Utilisation du noeud GPU

South Green tutorials pages

Description	Know how to use GPU node in I-Trop cluster
Author	Julie ORJUELA (julie.orjuela_at_ird.fr) and Aurore COMTE (aurore.comte_at_ird.fr)
Creation date	27/01/2020
modification date	27/01/2020

Summary

Objective
Launch jobs in GPU node with Slurm
Resources supervision with nvidia
Liens
License

Objectives

Know how to launch a Slurm job in GPU node in I-Trop Cluster and monitoring jobs in GPU

Basecalling with guppy-gpu using the i-Trop GPU node

Node GPU in I-trop cluster has 8 graphic cards RTX2080, each with 124G de RAM. In total this node has 24 threads.
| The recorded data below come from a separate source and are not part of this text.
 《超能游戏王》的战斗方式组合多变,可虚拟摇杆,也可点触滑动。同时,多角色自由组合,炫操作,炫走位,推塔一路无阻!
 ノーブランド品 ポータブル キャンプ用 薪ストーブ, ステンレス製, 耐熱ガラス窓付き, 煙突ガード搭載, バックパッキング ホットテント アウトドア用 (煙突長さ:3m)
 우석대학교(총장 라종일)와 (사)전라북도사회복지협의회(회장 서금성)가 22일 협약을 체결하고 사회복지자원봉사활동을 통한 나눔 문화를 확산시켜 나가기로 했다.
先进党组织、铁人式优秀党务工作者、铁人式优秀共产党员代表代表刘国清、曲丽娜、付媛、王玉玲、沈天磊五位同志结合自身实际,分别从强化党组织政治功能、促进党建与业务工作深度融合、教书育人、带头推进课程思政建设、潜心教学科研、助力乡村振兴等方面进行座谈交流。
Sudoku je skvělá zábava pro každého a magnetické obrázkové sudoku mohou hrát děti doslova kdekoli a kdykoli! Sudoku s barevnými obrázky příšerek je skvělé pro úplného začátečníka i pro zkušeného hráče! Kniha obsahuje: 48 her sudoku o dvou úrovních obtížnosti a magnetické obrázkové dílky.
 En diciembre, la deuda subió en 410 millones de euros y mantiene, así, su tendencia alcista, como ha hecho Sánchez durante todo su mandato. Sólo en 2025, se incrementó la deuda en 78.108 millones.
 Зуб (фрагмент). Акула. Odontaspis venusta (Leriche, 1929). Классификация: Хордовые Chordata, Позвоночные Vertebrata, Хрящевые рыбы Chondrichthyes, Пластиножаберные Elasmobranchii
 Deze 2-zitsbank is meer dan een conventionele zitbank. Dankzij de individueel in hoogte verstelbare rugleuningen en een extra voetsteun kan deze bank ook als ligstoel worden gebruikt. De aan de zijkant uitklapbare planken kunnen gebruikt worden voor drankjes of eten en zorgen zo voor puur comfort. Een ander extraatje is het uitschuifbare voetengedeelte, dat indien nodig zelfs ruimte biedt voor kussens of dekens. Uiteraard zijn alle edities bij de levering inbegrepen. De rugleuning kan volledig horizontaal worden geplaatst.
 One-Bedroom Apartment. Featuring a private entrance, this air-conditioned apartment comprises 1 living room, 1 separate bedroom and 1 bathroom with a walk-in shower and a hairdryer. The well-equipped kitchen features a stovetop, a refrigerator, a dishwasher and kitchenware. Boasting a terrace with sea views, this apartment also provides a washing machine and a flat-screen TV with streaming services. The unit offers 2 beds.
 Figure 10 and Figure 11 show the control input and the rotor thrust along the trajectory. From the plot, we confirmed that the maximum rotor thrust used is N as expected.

Guppy is a data processing toolkit that contains the Oxford Nanopore Technologies’ basecalling algorithms, and several bioinformatic post-processing features.

Basecalling with guppy can be launch using gyppy-gpu tool. In guppy commande you have to specify data containig fast5 raw read files (-i), the output repertory to write fastq files (-o), How many worker threads you are using cpu_threads_per_caller (-c) and the number of parallel basecallers to create (-num_callers). We recommend to compress the fastq output (-compress_fastq).
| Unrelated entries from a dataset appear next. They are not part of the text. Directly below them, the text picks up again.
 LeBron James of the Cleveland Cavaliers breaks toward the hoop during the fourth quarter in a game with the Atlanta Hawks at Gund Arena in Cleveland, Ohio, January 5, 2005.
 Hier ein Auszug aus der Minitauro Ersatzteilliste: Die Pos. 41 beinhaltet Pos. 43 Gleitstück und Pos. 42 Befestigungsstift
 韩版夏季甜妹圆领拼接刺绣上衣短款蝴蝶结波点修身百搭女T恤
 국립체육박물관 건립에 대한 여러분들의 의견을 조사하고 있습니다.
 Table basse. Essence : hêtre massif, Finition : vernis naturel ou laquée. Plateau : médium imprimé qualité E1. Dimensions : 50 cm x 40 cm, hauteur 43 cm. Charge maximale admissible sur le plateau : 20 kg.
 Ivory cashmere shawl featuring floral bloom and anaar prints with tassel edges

We recommend to basecaller a data set using a graphic card to obtain results in only one folder. If you split data you can enjoy of the whole of graphic cards but your data results will be in several folders. In each results folder, reads can be share names. So, you can lost information if you decide to merge it.

Creating a slurm scritp to basecalling in GPU

Copy data in node26 /scratch before launching basecalling.
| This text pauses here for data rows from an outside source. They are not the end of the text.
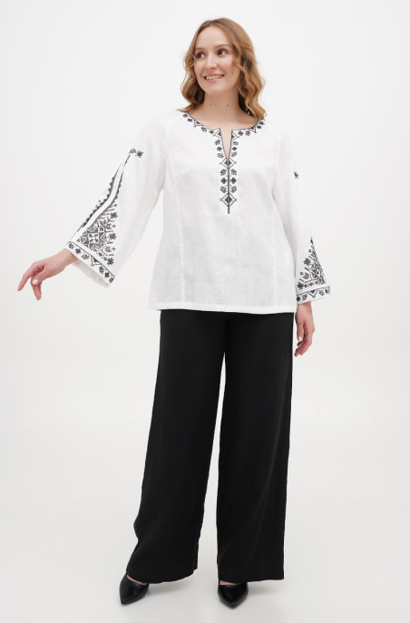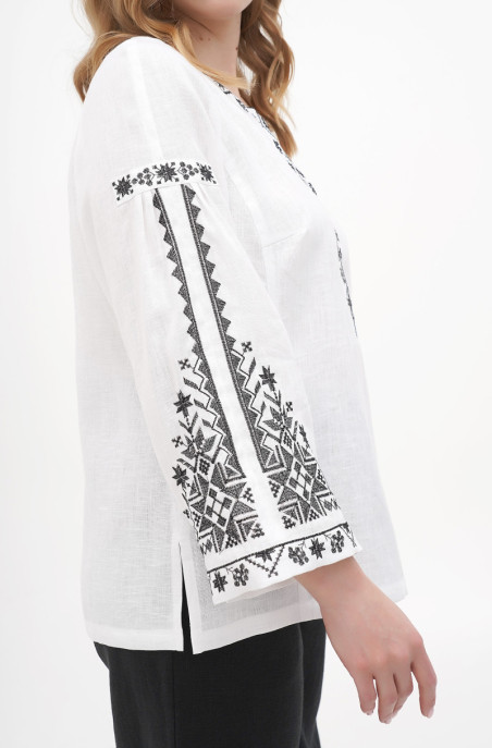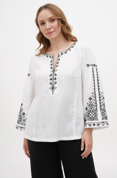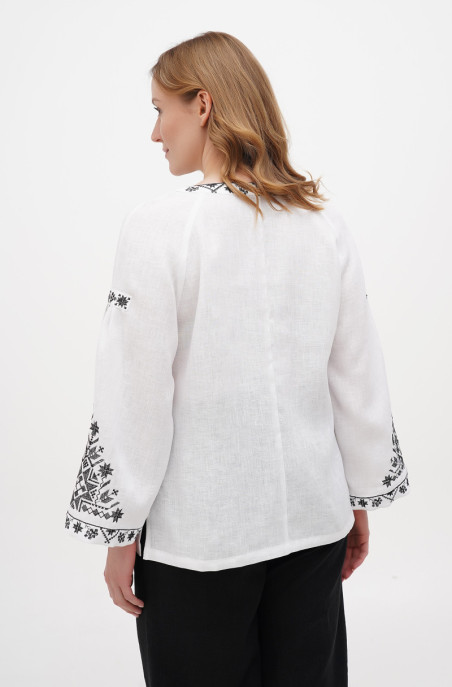 The raglan sleeve blouse made of thin linen. The small slits are in the side seams.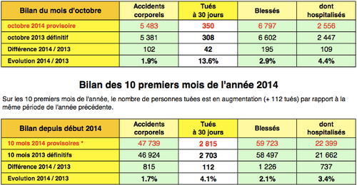 Sécurité routière : bilan octobre 2014 - +13.6% tués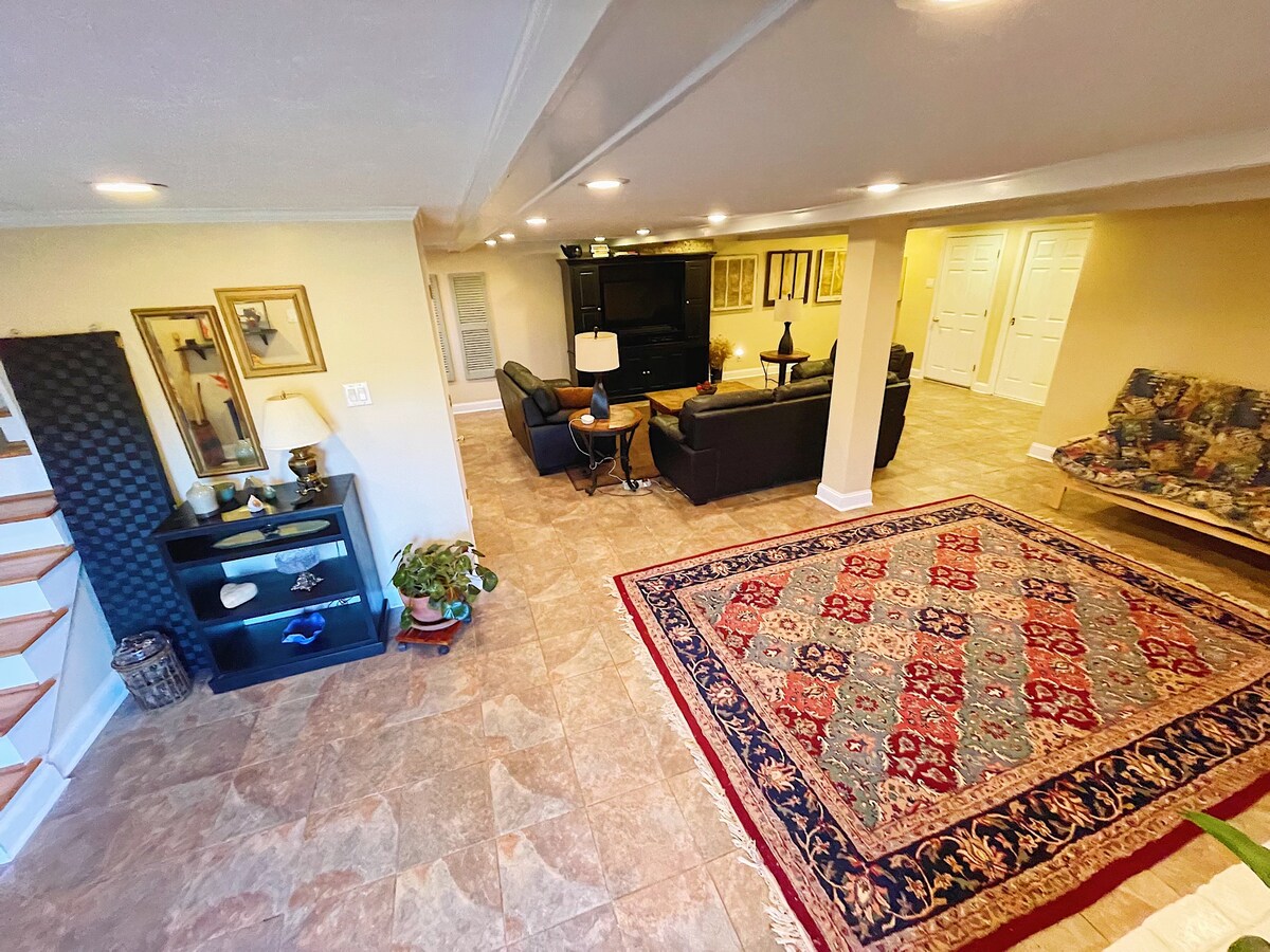 Viešnagė sodyboje pačioje Kentukio Bluegrass širdyje 20 min. nuo KY arklių parko ir Leksingtono centro. 30 min. iki Keenelando. 45 min. iki Raudonosios upės tarpeklio. Tylus, privatus rūsio butas su 2 miegamaisiais, puikiu kambariu, futbolo kamuoliu ir liokajaus sandėliuku su kavos virimo aparatu, mažu šaldytuvu, mikrobangų krosnele ir pagrindiniais virtuvės reikmenimis. Erdvė nėra bendro naudojimo. Valgykite patalpoje arba lauke, laužavietę ir arklius/galvijus. Iki 2 gerai besielgiančių šunų su šeimininkų išankstiniu patvirtinimu. Šunų negalima palikti vienų. Ne mažiau kaip 2 naktys, maks. 10.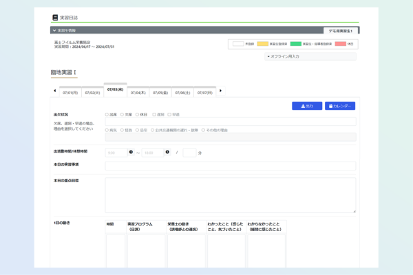 日々の日誌の振り返りや1週間を通じての改善策の記載、指導者コメントの確認ができるため、翌日や翌週の実習に役立てられ、自己評価と指導者評価をすり合わせ、自身の到達度を把握できます。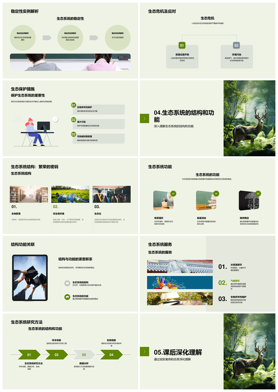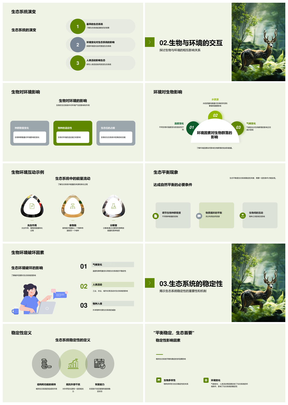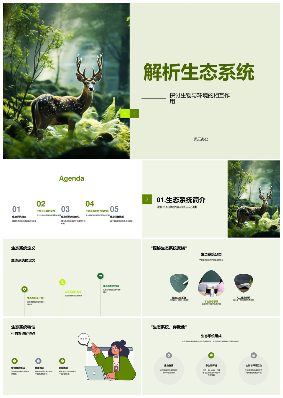 这是一张生态系统结构功能稳定性及森林保护解析PPT模板,包含生态系统、结构、功能、稳定性、森林保护、解析等主题内容,也可用作生态系统结构功能稳定性、结构功能稳定性森林、功能稳定性森林保护、稳定性森林保护解析、生态系统结构功能、结构功能稳定性、功能稳定性森林、稳定性森林保护、森林保护解析、生态系统结构、结构功能、功能稳定性、稳定性森林、森林保护、保护解析等PPT场景使用。 风云办公提供的生态系统结构功能稳定性及森林保护解析PPT模板,下载格式为pptx,一共33页,作品中文字及图均可以修改和编辑,图片更改请在作品中右键图片并更换,文字修改请直接点击文字进行修改。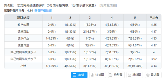 另外,为了更好地了解教师及员工对线上教学的评价,督导组请宋磊老师设计了《公司教师网络授课情况调研》、《ladbrokes立博网络课堂情况调研》两个小问卷,由任课教师和员工课后填写提交。

Create a sbatch script to allocate ressources by using slurm. Here, sbatch script lauchGuppyGPU.sbash takes 4 threads for lauch guppy-gpu, partition -p gpu. If you are using i-Trop GPU you are into gpu_group so, give this parametter to slurm whit -A option.

 
#!/bin/bash
#SBATCH -J Basecalling
#SBATCH -p gpu
#SBATCH -A gpu_group
#SBATCH -c 4
INPUT=$1
OUTPUT=$2
CUDA=$3

#loading modules
module load bioinfo/guppy-gpu/3.2.4

#running basecalling
guppy_basecaller -c dna_r9.4.1_450bps_hac.cfg -i ${INPUT} -r -s ${OUTPUT} --num_callers 4 --gpu_runners_per_device 8 --qscore_filtering --min_qscore 7 -x cuda:${CUDA}

Now you can launch lauchGuppyGPU.sbash script giving input, output and cuda graphic card (From 0 to 7):

In this example, basecalling is running only in cuda 0.

$ sbatch lauchGuppyGPU.sbash /path/to/fast5 /path/to/fastq 0

Note: Beside the path of our fast5 files folder (-i), the basecaller requires an output path (-s) and a config file or the flowcell/kit combination. In order to get a list of possible flowcell/kit combinations and config files, we use:

$ guppy_basecaller --print_workflows

Resources supervision with nvidia

$ nvidia-smi

Liens

Cours liés : Slurm Trainings

License

The resource material is licensed under the Creative Commons Attribution 4.0 International License (here).